- [WORK REQUEST]:
Give back an exact repetition of the material below, from its first line through the line that contains "Shelf-life 8 months.", both included, minus the pictures.

- [GIVEN INFORMATION]:
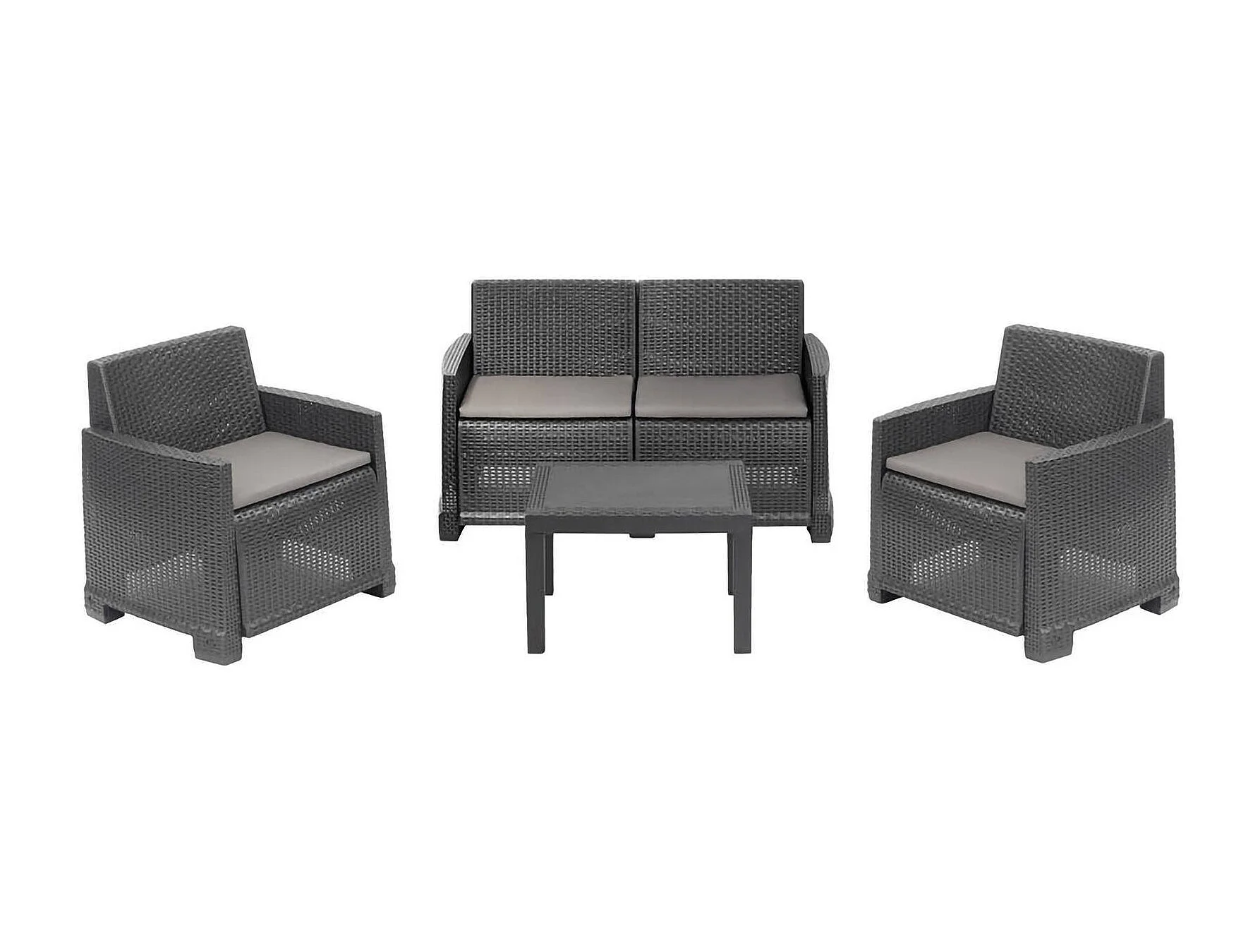 Salon d'extérieur Dbagnolin, Ensemble de jardin avec 2 fauteuils, 1 canapé et 1 table basse, Effet rotin avec coussins, 100% Made in Italy, Anthracite
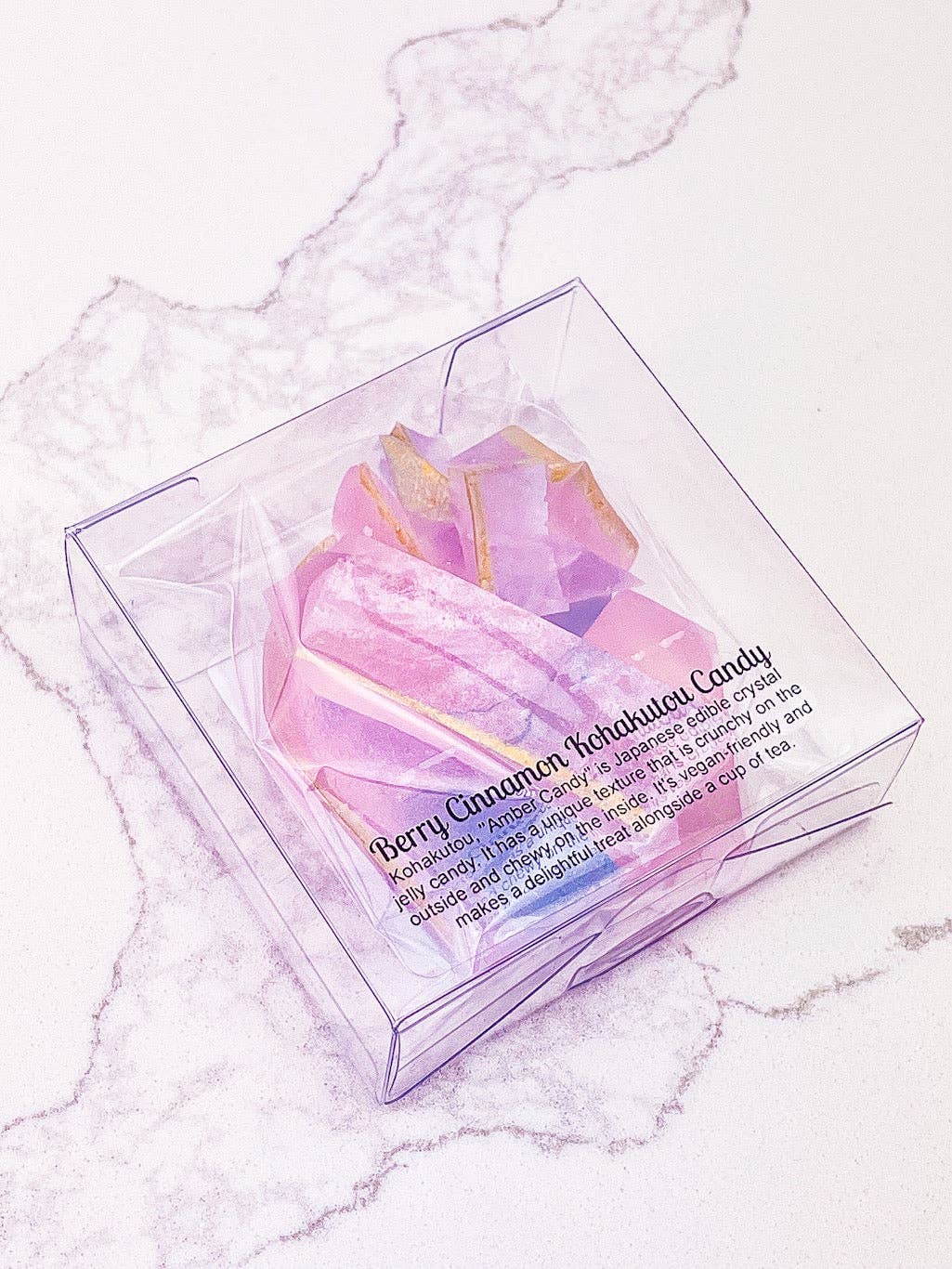 Kohakutou, "Amber Candy" is Japanese edible crystal jelly candy. It has a unique texture that is crunchy on the outside and chewy on the inside. It's vegan-friendly and made of agar agar instead of gelatine. It makes a delightful treat alongside a cup of tea. The Berry Rose flavoured Kohakutou package contains 5-7 pieces/55g of Kohakutou. Our beautiful packaging is gift-ready and perfect for party favours, stocking stuffers or corporate gifts. The candy is sealed in a cellophane bag and placed in a clear 3 x 3 x 1-inch box. *Colour and designs may vary. Shelf-life 8 months.
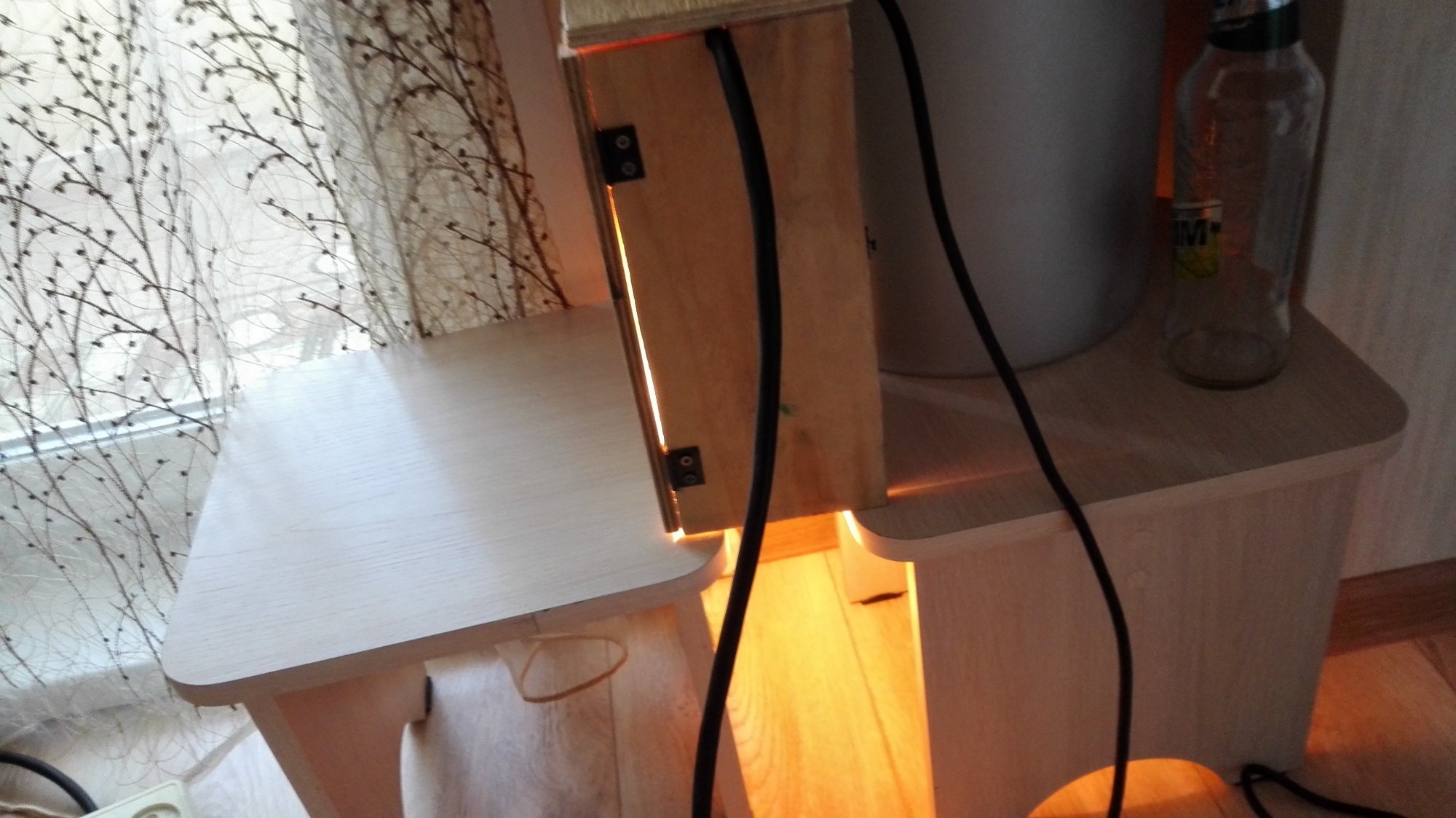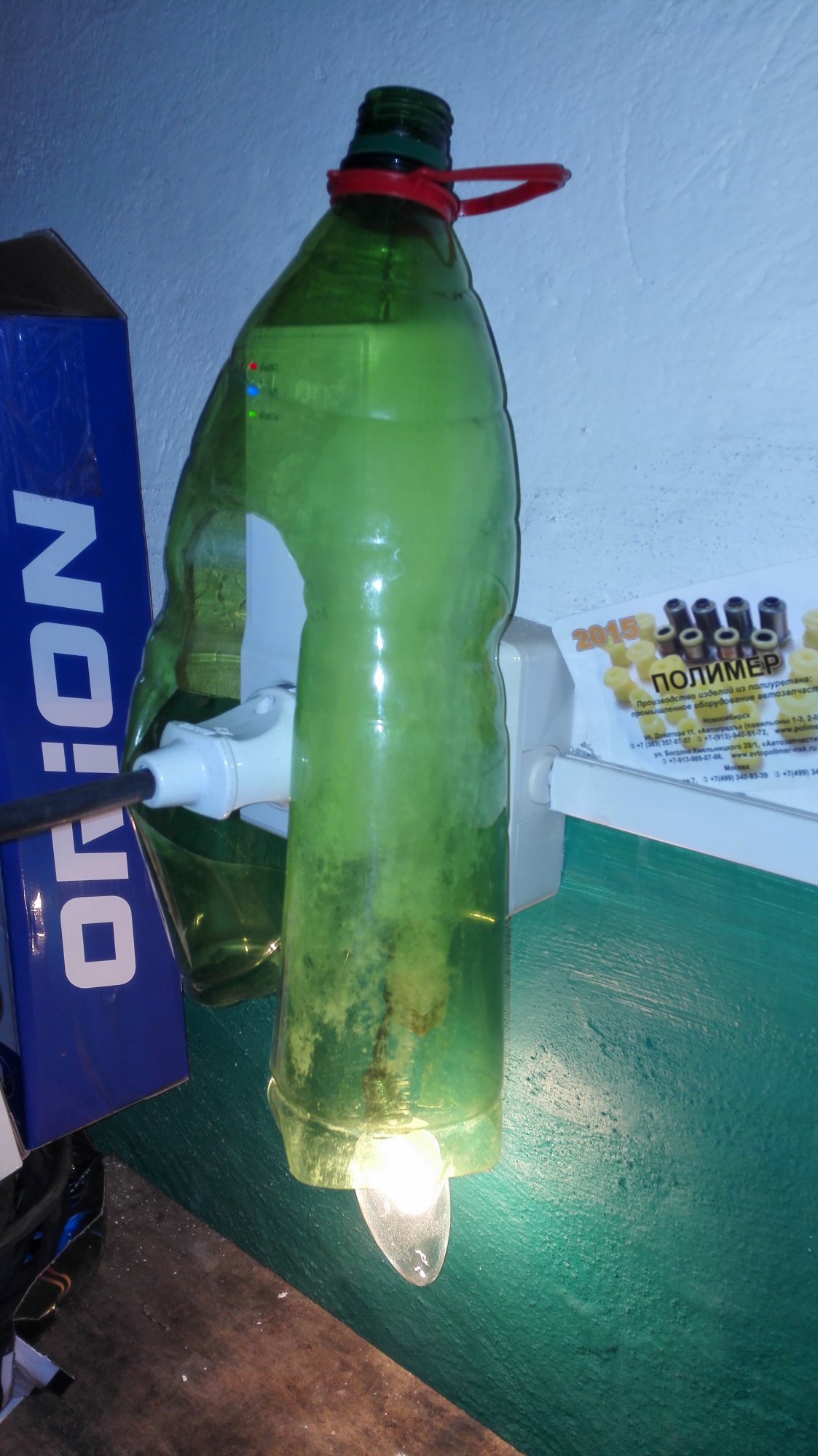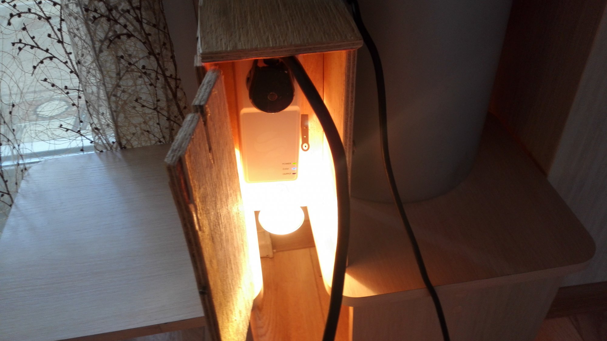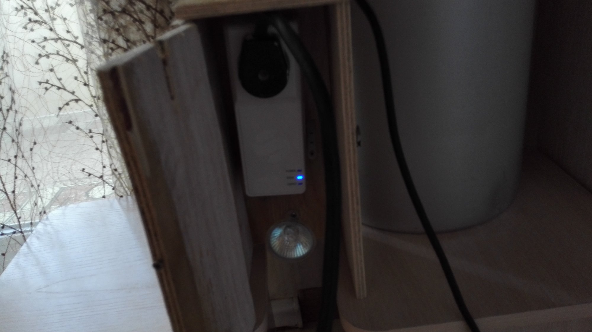 Привет всем, кому интересны мои тексты, так как в гараже температура приблизилась к критической ((для умной розетки, по паспорту -10*, ниже может уже и не работать)) а морозов то еще не было, решил не рисковать, цена выросла почти вдвое на нее-против той как покупал, сделать что то вроде инкубатора, чтоб в самый нужный момент не подвела, на скорую руку из пластиковой бутылки и лампочки от старого холодильника была сооружена конструкция для проверки устройства, (ФОТО) тестировалась несколько дней, при температуре -8* в гараже температурный датчик выдавал +1* или 0* градусов, основную сделал из фанеры 10 мм, после изготовления при проверке=дома 24* повысилась в течении часа до 45*, пришлось верхнюю крышку сделать поворотной, для регулировки температуры, при открытии оной, стала понижаться до 35*, кажется получилось то что хотел, температуру подогрева можно регулировать в зависимости от морозов.

- [YOUR RESPONSE]:
 Salon d'extérieur Dbagnolin, Ensemble de jardin avec 2 fauteuils, 1 canapé et 1 table basse, Effet rotin avec coussins, 100% Made in Italy, Anthracite
 Kohakutou, "Amber Candy" is Japanese edible crystal jelly candy. It has a unique texture that is crunchy on the outside and chewy on the inside. It's vegan-friendly and made of agar agar instead of gelatine. It makes a delightful treat alongside a cup of tea. The Berry Rose flavoured Kohakutou package contains 5-7 pieces/55g of Kohakutou. Our beautiful packaging is gift-ready and perfect for party favours, stocking stuffers or corporate gifts. The candy is sealed in a cellophane bag and placed in a clear 3 x 3 x 1-inch box. *Colour and designs may vary. Shelf-life 8 months.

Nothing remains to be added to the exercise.